I don't know if this article has been posted elsewhere but I think it's an interesting postmortem on the international left of the last 20-ish years. I don't agree with all of the author's conclusions but I think it identifies some of the issues that have led to the left's failures and what might be learned in building a strategy going forward. The points about organization and rupture I thought were especially pertinent.
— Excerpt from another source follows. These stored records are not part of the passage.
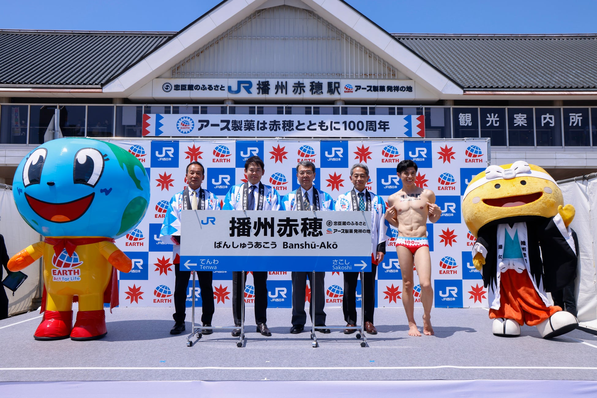 アース製薬株式会社(本社:東京都千代田区、代表取締役社長:川端克宜、以下「アース製薬」)は、2025年8月26日(火)に設立100周年を迎えることを記念し、「アース製薬は赤穂とともに100周年」をスローガンに掲げて、発祥の地*である兵庫県赤穂市でイベントを実施しました。また、6月4日(水)の「虫ケア用品の日」より、赤穂市及び西日本旅客鉄道株式会社(JR西日本)のご協力のもと、JR播州赤穂駅の駅名標に「忠臣蔵のふるさと アース製薬発祥の地」、JR坂越駅の駅名標に「北前船寄港地 アース製薬坂越工場前」をそれぞれ追加しました。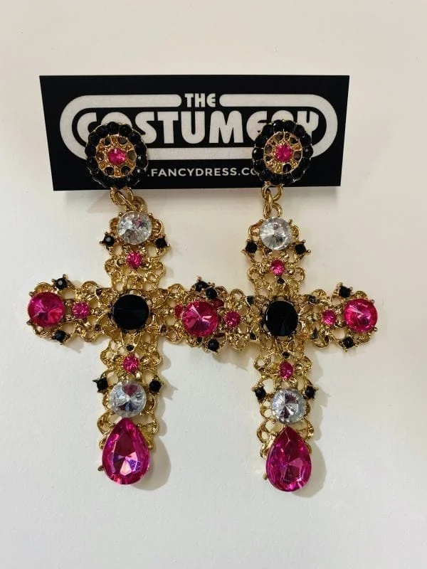 Limited Edition Costume Jewellery – Antique Bejewelled Gold Cross Earrings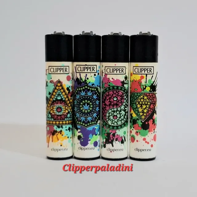 Dettagli del prodottoSet di quattro accendini Clipper con design artistici e colorati.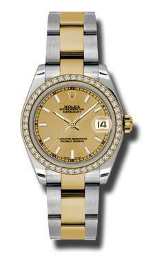 Model: 178383-CHSO - CASE = [Material:Stainless Steel and 18kt Yellow Gold], [Case Diameter:31], [Bezel:18kt yellow gold set with 46 Diamond], [Case Back:Solid], [Water Resistant:100 Meters - 330 Feet], [Crystal:Sapphire], DIAL = [Color:Champagne Index], MOVEMENT = [Type:Automatic Self Winding], [Crown:Screw Down], BAND = [Clasp:Oysterlock Clasp], [Type:18kt Yellow Gold and Stainless Steel], (Usually ships in 1 to 2 weeks.)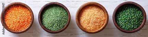 Red, Yellow, and Green Lentils in Wooden Bowls on a Rustic White Background, Top View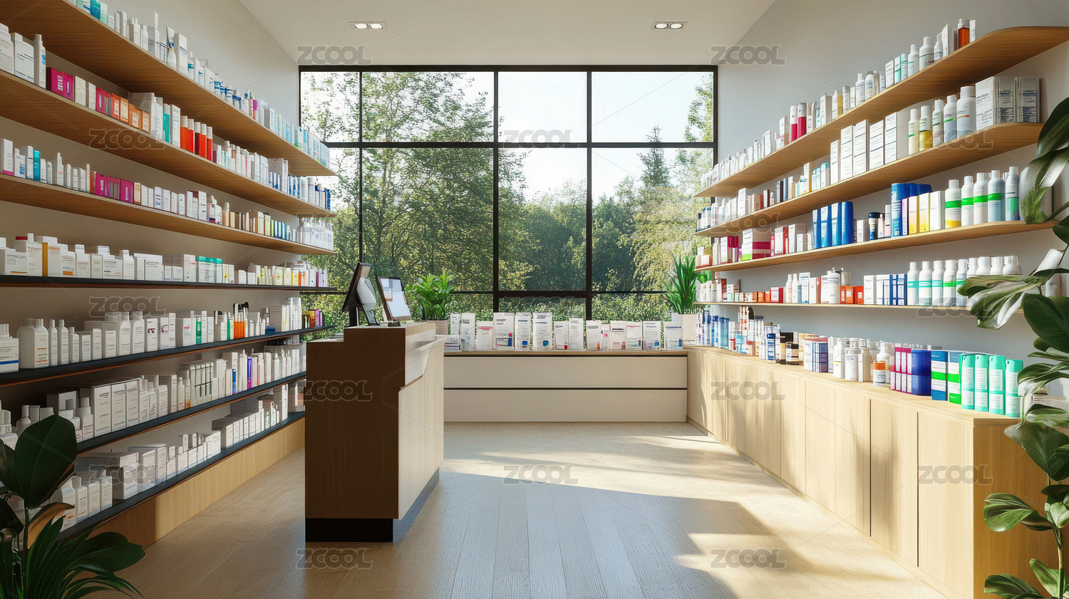 摆满药品的现代化药房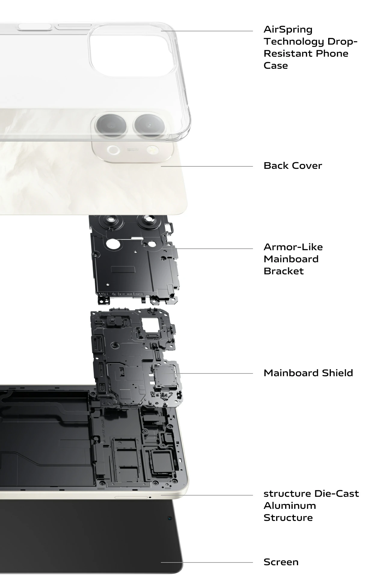 - Data is obtained from vivo laboratory under single-app usage or standby conditions. Test environment: ambient temperature of 25°C±1°C. Test conditions: device fully charged, screen brightness of 150 nits, maximum volume, and 4G network. Actual battery life may vary with usage habits and environment.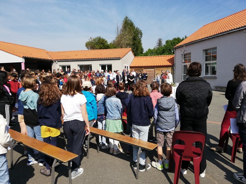 Puis est venu le temps des discours, nécessaire et intéressant, permettant de retracer les grandes étapes de notre projet et surtout de remercier tous nos partenaires, la Direction de l’Enseignement Catholique (DEC) représentée par Mr Franck Graveleau (adjoint de notre directeur diocésain Mr Christophe Geffard, et en charge du 1er degré en Vendée), Mme la Maire Mireille Hermouet et tous les donateurs de notre action de mécénat pour l’aménagement de notre cour.

Omlets with Eggshells: On the Failure of the Millennial Left by Alex Hochuli
Meanwhile, though Cutrone underplays the specific problems of organization of our age—specifically the decline of associationism—his essays are useful for urging historical thinking. Millennials “blew their chance to relate to history in new ways that challenged and tasked them beyond post-60s doxa.” Instead, the millennial Left, in both protest and populist phases, evince a nostalgic quality, whether in pushing for a new New Deal or (much worse) replaying 1960s hippie protests or 1980s “resistance” to neoliberalism. These practices and beliefs “do not augur new possibilities but hold to old memories from a time when many if not most were not yet even alive. Its spectral—unreal—quality is evident.”
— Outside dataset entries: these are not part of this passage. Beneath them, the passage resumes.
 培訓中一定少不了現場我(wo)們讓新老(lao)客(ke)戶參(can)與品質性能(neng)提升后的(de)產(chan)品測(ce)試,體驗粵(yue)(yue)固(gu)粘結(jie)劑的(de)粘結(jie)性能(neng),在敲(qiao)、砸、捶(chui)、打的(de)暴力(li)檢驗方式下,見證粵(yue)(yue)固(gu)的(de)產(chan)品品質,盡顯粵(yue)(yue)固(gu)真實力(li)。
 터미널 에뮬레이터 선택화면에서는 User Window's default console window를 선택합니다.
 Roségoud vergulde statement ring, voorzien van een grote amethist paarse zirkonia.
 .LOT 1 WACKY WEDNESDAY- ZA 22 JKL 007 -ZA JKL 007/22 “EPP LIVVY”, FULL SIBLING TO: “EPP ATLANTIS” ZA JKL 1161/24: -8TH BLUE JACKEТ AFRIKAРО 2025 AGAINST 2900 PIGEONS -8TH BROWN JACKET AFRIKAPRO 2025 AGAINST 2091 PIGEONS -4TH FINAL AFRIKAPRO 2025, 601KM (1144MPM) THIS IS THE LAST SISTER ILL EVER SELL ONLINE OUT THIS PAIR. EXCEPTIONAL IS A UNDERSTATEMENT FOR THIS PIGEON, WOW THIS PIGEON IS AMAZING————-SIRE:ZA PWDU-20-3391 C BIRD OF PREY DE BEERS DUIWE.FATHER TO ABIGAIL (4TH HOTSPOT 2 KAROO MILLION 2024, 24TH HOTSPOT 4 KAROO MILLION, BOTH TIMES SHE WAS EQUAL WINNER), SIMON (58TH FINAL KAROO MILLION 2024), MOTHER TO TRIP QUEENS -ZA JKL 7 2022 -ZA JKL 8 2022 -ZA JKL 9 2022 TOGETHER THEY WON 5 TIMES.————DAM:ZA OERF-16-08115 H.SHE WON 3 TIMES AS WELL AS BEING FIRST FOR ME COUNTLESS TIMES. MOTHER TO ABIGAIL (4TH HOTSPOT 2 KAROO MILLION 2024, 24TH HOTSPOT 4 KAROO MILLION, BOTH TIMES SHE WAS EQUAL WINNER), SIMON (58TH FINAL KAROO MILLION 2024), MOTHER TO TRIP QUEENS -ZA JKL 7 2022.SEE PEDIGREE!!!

We should be alert to a troubling fact: over the past one hundred years, the left has mostly arrived post-festum, certainly in the West. It plays a role in ushering in a new era, then attacks the new era, and finally finds itself nostalgic for it. So the Left attacked the stultifying welfare-warfare state in the 1960s in the name of individualism, actions which, despite their intentions, laid the ground for neoliberalism once the postwar order fell into crisis. The Left then set up its stall as the resistance against the reorganization of capitalism along neoliberal lines, accompanied by the most forceful, moralized rhetoric in defense of society against individualism. Finally, the Left finds itself neoliberalism’s last defenders in the face of so-called right-populism in the form of Trump, Le Pen, Brexit, Vox, Fratelli d’Italia, or what have you. The Left may not defend neoliberal policies, but it holds to neoliberal or neoliberalized organizations and institutions, be it the Democratic Party or the EU or the university or the NGO.